• _Data provided_:
-- Opening Marker --
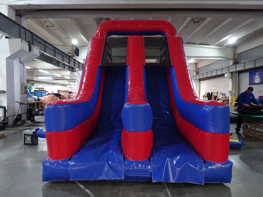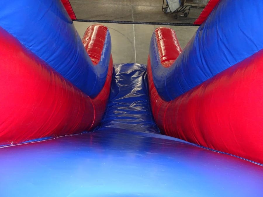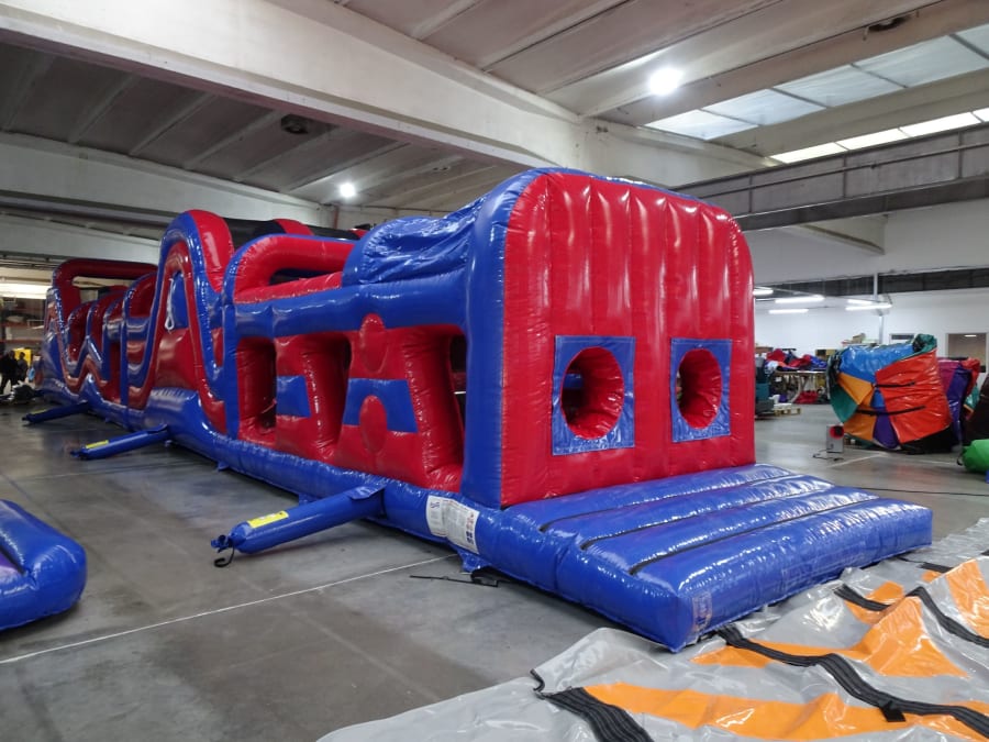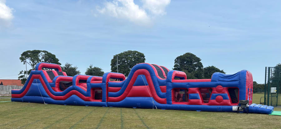 Ultimate Challenge: The double slide version maximises space to incorporate more biff bashes and obstacles, providing an energy-sapping challenge that will test even the most determined contenders.
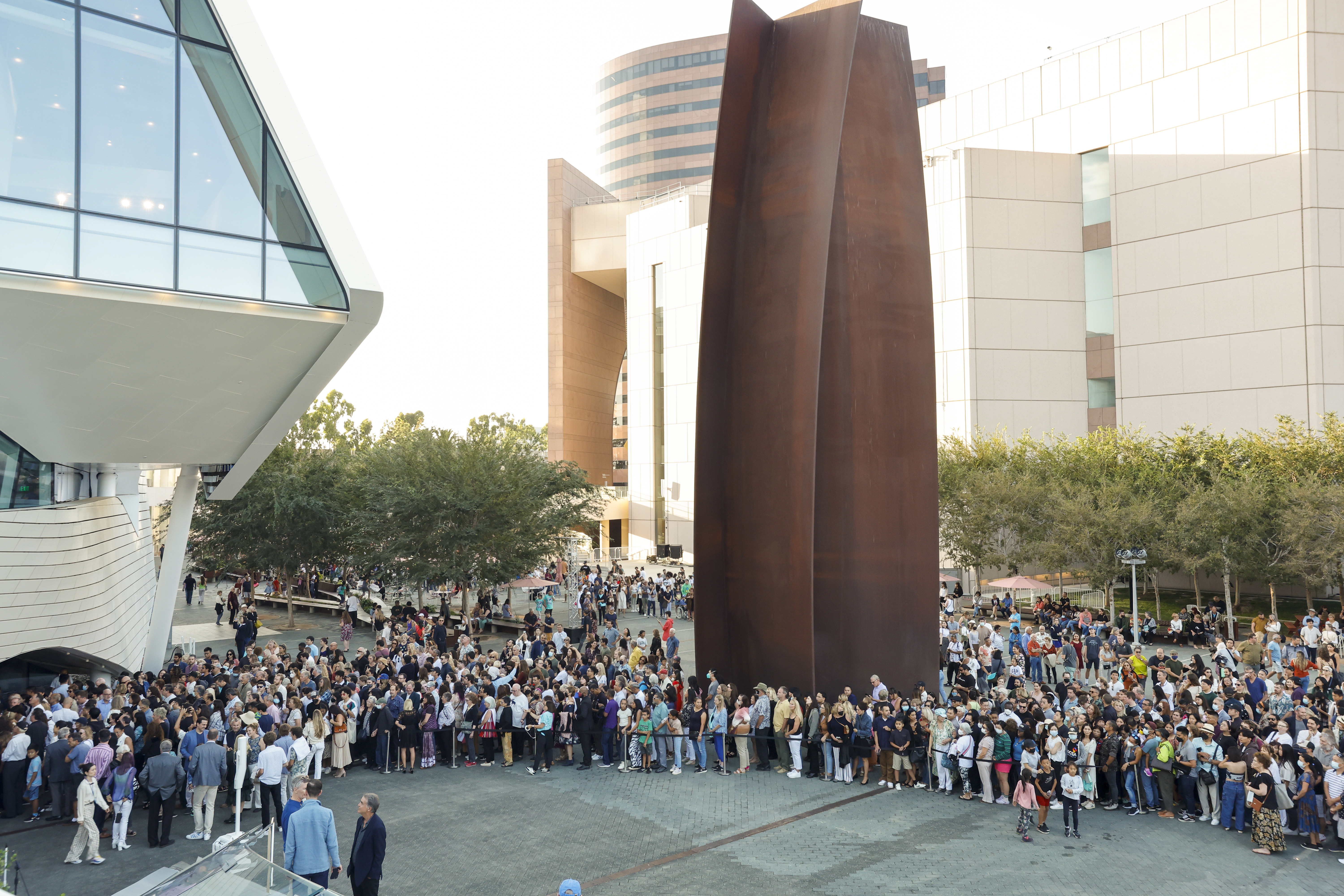 It was designed by Brandon Welling and Thom Mayne of the Morphosis architectural firm; the latter was a 2005 winner of the Pritzker Prize for his design of Diamond Ranch High School in Pomona. Mayne previously said he didn’t want to build “a shiny object,” but rather a place where the community can gather for events.
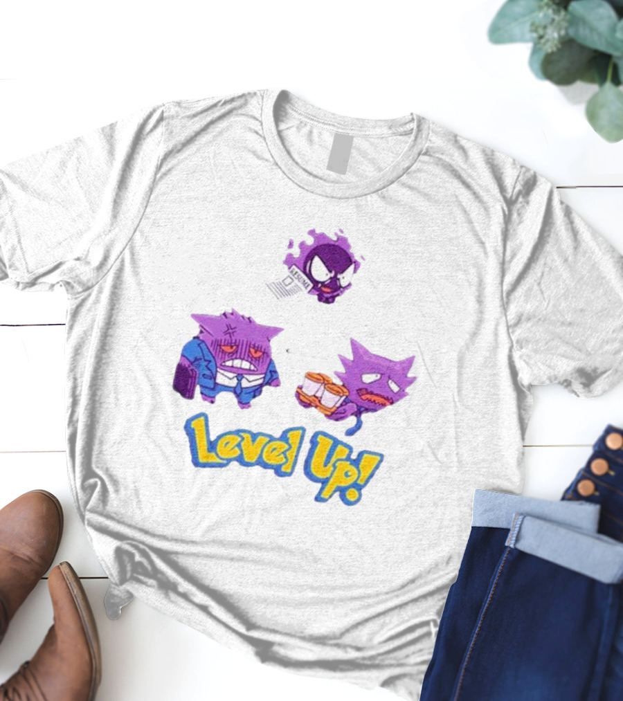 Gengar Evolution Level Up Journey with Resume and Briefcase Shirt made from 100% pre-shrunk ring-spun cotton, unisex regular fit based on U.S. standard sizing. The shirt is designed, cut, sewn, and printed in the United States. Available in sizes S-5XL.
-- Closing Marker --
• _Problem_: Transcribe the listing in full. Omit the pictures and keep every line exact.

• _Solution to the exercise_:
 Ultimate Challenge: The double slide version maximises space to incorporate more biff bashes and obstacles, providing an energy-sapping challenge that will test even the most determined contenders.
 It was designed by Brandon Welling and Thom Mayne of the Morphosis architectural firm; the latter was a 2005 winner of the Pritzker Prize for his design of Diamond Ranch High School in Pomona. Mayne previously said he didn’t want to build “a shiny object,” but rather a place where the community can gather for events.
 Gengar Evolution Level Up Journey with Resume and Briefcase Shirt made from 100% pre-shrunk ring-spun cotton, unisex regular fit based on U.S. standard sizing. The shirt is designed, cut, sewn, and printed in the United States. Available in sizes S-5XL.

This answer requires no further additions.